The entertainment industry seems to be in the throes of a passionate love affair with violence, embracing it at every opportunity. We are becoming emotionally deadened by the horrors that we witness and have come to accept violence as normal.
Let us consider the effect on women. According to a study for the Broadcasting Standards Council, women's fear of male violence can be reinforced, and even increased, by watching videos and television programmes that depict violence against women.
And let us consider the effects on children. The Professional Association of Teachers spoke to 1,000 teachers in different parts of the country when my amendment to curb video violence was before Parliament four years ago. The response of teachers does not support in the least the view that children are cynical sophisticates, able to reject those aspects of the adult world for which they are not ready. One teacher said by way of reply:
Increasing numbers of parents are using videos and video games as their electronic baby-sitter, allowing children to play with the games or to see violent videos so that they will not themselves be disturbed. Many parents simply do not seem to understand the harm which inappropriate entertainment can do.

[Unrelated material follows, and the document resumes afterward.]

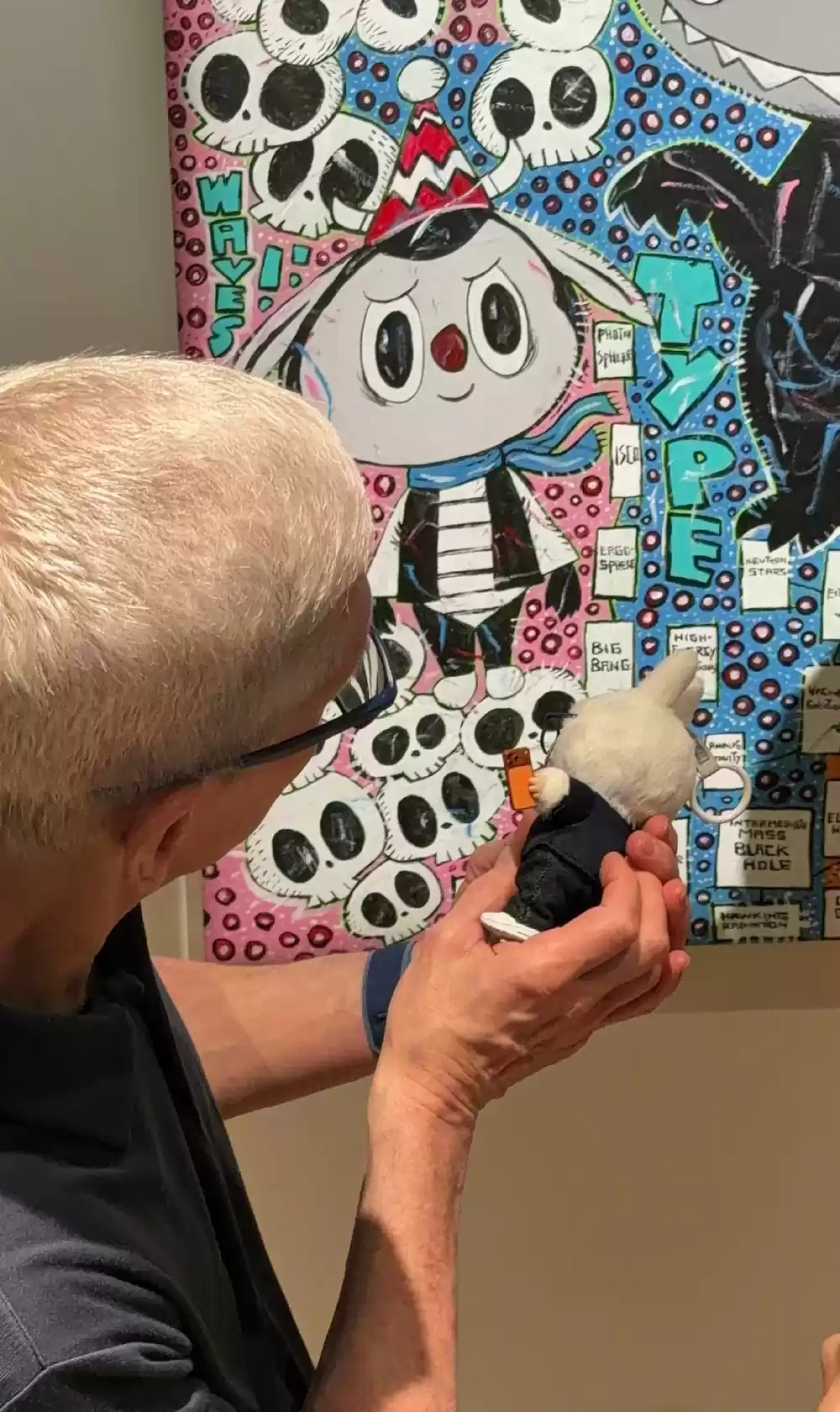 龙家升赠送给库克一个特殊的 Labubu 玩偶,该玩偶穿黑衣服、白鞋子、戴眼镜,有点像设计师龙家升的造型,左手还拿着一个橙色的 iPhone 17 Pro 手机。

More than 90 per cent. of the PAT respondents believed that children's emotional, social and moral development is being damaged, sometimes irrevocably, by what they see. Three-quarters of teachers also believe that there is a link between over-exposure to computer games and factors such as tiredness and inattention, heightened levels of aggression and a tendency to act out fantasies.
Just before last Christmas, 27,000 people sent a petition to Parliament calling for tighter controls. The common sense of parents--which well understands that children imitate what they see--is often the best yardstick. I say to your Lordships' House, as I conclude, that the advertising industry would not have spent, as they did, £4,000 million last year on advertising their wares on television if they did not believe that what people see has an effect on those who view it. Clearly it has an enormous effect.
In challenging the letter of designation, we can take some useful steps by enhancing parental rights and strengthening the position of the public, by putting it at least on the same footing as the industry. In so doing, we will be enabling Mr. Whittam Smith to do his job more effectively. When the amendments to achieve that are considered by your Lordships' House, I hope that they will be given a fair wind.